Bitmain is one of the largest and most prominent ASIC manufacturers. Bitmain has repeatedly launched ASIC miners for coins that developers had claimed were “ASIC-resistant,” meaning that the mining process could not be made more efficient through a specialized piece of hardware. However, these specialized ASICs have routinely proven developers wrong, showing that they can, in fact, be more profitable. David Vorick, the lead developer of the decentralized storage platform Sia, said that “you will always be able to create custom hardware that can outperform general purpose hardware,” adding that everyone he has talked to “in favor of ASIC resistance has consistently and substantially underestimated the flexibility that hardware engineers have to design around specific problems.”

The 51% Attack Issue

The impact of this reality on the cryptocurrency ecosystem is that companies like Bitmain will undoubtedly be able to continue developing hardware that allows for more efficient and more profitable mining.

Beyond outmaneuvering other miners, though, ASIC developers could easily end up controlling more than 50% of the hashing power on a blockchain when they have effectively blocked out non-ASIC miners. Once a group controls a majority of hashing power, that group can then abuse the decentralized nature of many cryptocurrencies, even rewriting transactions on a supposedly-immutable distributed ledger. This process is known as a 51% attack.
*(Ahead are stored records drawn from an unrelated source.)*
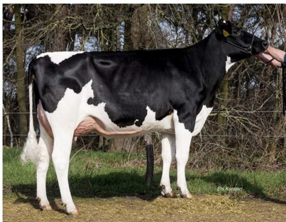
RETRAITEHOEVE LILYA 5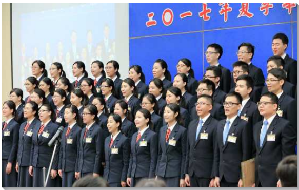
▲學員在畢業聚會中唱詩

聚會開始唱詩『進入幔內，就必出到營外』。這首詩歌說出基督徒一生的道路，因著不斷的進入幔內，認識基督這位聖中之聖者，因而丟棄地上迷惑人的事物，跟隨主的腳蹤，奔跑十架路程。接著學員們展覽畢業詩歌『同奔賽程』，描繪出學員們如何蒙主呼召，奔跑屬天賽程，因望斷於主，脫去重擔，並且經歷在身體中同跑，奉獻一生，要上去得獎賞！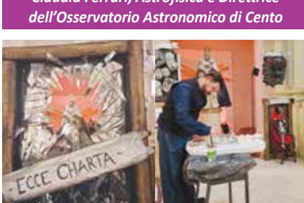
Finissage di Chartae doloris, installazione di Alessandro Ramin presso la Chiesa di San Lorenzo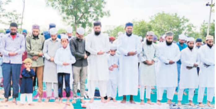
భైంసా : ఈడ్గాల వద్ద ప్రత్యేక ప్రార్థనలు చేస్తున్న ముస్లింలు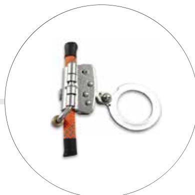
FRENO PARA CUERDA DE 13 MM 15070 - 1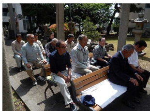
開始前、草薙会員からお話がありました。(写真左) 奉賛会と共に招魂祭を支援する丸亀支部会員(写真右)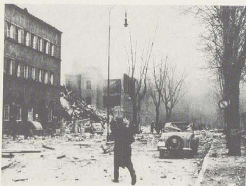
Bürgerreuther Straße, links Hauptpostamt

Der nächste Angriff erfolgte in der Nacht vom 10. auf den 11. April, wobei einige Bomben auf dem Hans-Schemm-Platz, dem heutigen Luitpoldplatz, einschlugen und das Neue Rathaus, sowie das Haus der Deutschen Erziehung beschädigten.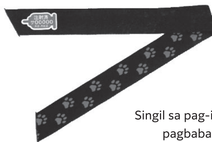
Singil sa pag-isyu ng kasulatan ng pagbabakuna 550 yen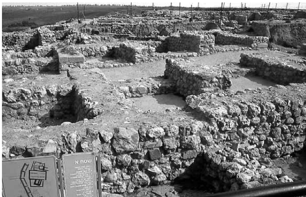
Lámina 4. Puerta de Hazor (Israel).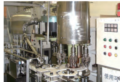
全自動 PP キャップ巻締機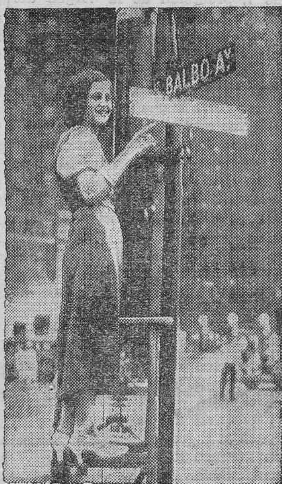
En la ciudad de Chicago se ha rendido un homenaje al ministro italiano del Aire, Italo Balbo, con motivo de su grandioso vuelo en escuadrilla. Ha sido rotulada con el nombre de "Avenida de Balbo", una de las más importantes calles de la ciudad, la número siete.

Sin perjuicio de ampliar el tema en otra oportunidad, sean estas breves líneas un estímulo y una advertencia a los encargados de la obra. Por humanidad y por decorosa imposición de la importancia del país, el edificio para alojar al Tribunal Tutelar de Menores de la Provincia debe salir del retrasado camino del expediente para convertirse en realidad tangible e inmediata.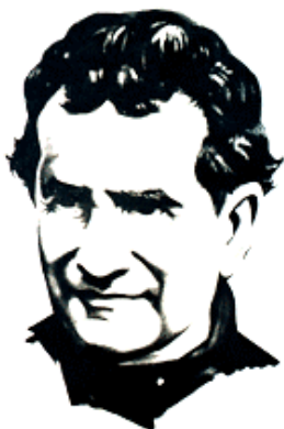
1/31 會祖聖若望鮑思高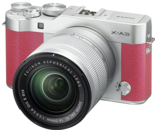
กล้องถ่ายรูป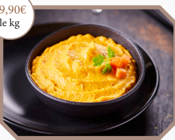
Purée de patates douces, pointe de canelle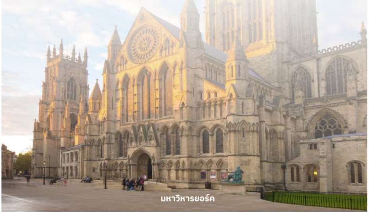
มหาวิหารยอร์ก

จากนั้นนำท่านเดินต่อไปที่ The Shambles (เดอะแชมเบิล) เป็นสถานที่ที่มีความคล้ายกับตรอกไดอากอนในภาพยนตร์ชื่อดังอย่าง Harry Potter อีสระให้ท่านเดินเลือกซื้อของที่ระลึกตามอัธยาศัย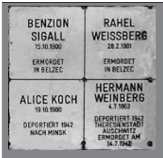
Іл. 9. Меморіальна дошка на вулиці Пратерштрасе 36. Джерело: Weg der Erinnerung durch die Leopoldstadt. Erinnerung an das judische Leben Gedenken an die judischen Einwohnerinnen. Station 1–17. S. 10.

Відомо, що вулиця Пратерштрасе була центром єврейського театру. Численні мандрівні трупи ставили тут театральні вистави мовою ідиш. Такі кабаре-ансамблі, як Будапештський Орфей, розпочали свою кар'єру в Леопольдштадті та зверталися не лише до єврейської аудиторії, а й ставили вистави австрійцям. Найбільш відомими були «Г'єси єврейських артистів» та «Сцена Роланда». Багато єврейських театральних проєктів закрилися на початку 1930-х рр. Єврейських акторів та кабаре-артистів переслідували, вбивали або змушували емігрувати націонал-соціалісти (Weg der Erinnerung durch die Leopoldstadt 2006, s. 11).

How to Decentralize Application Specific Integrated Circuits (ASIC) Manufacturing

One way the cryptocurrency world could address the growing threat of centralized mining is by decentralizing the manufacturing process for ASIC miners. A decentralized system would result in there being dozens of companies that create ASIC miners (versus only a couple of companies). This competition would drive prices down and availability up.

Another way to address the centralization of ASIC manufacturing would be to implement a new hashing algorithm that could effectively obliterate all existing ASIC miners. This would level the playing field and thus, open the door to new manufacturers (and potentially give new manufacturers an advantage over established, heavily-resourced players already in the system).

Many cryptocurrency developers have attempted to fork their currencies in an attempt to limit the usefulness of particular ASICs. Time after time, though, this has proven futile, with ASICs catching up to algorithm changes quickly. Furthermore, forking can introduce other problems into the code (and have the unintended side effect of centralizing power with developers).

For Vorick, the ideal solution involves admitting that the hashrate is likely to be centralized among manufacturers of powerful ASICs. “Now that we know to expect a largely centralized hashrate,” he says, “we can continue as developers and inventors to work on structures and schemes which are secure even when the hashrate is all pooled into a small number of places.” Vorick adds: “There are a large number of other incentives and mechanisms at play that keep monopoly manufacturers in line.”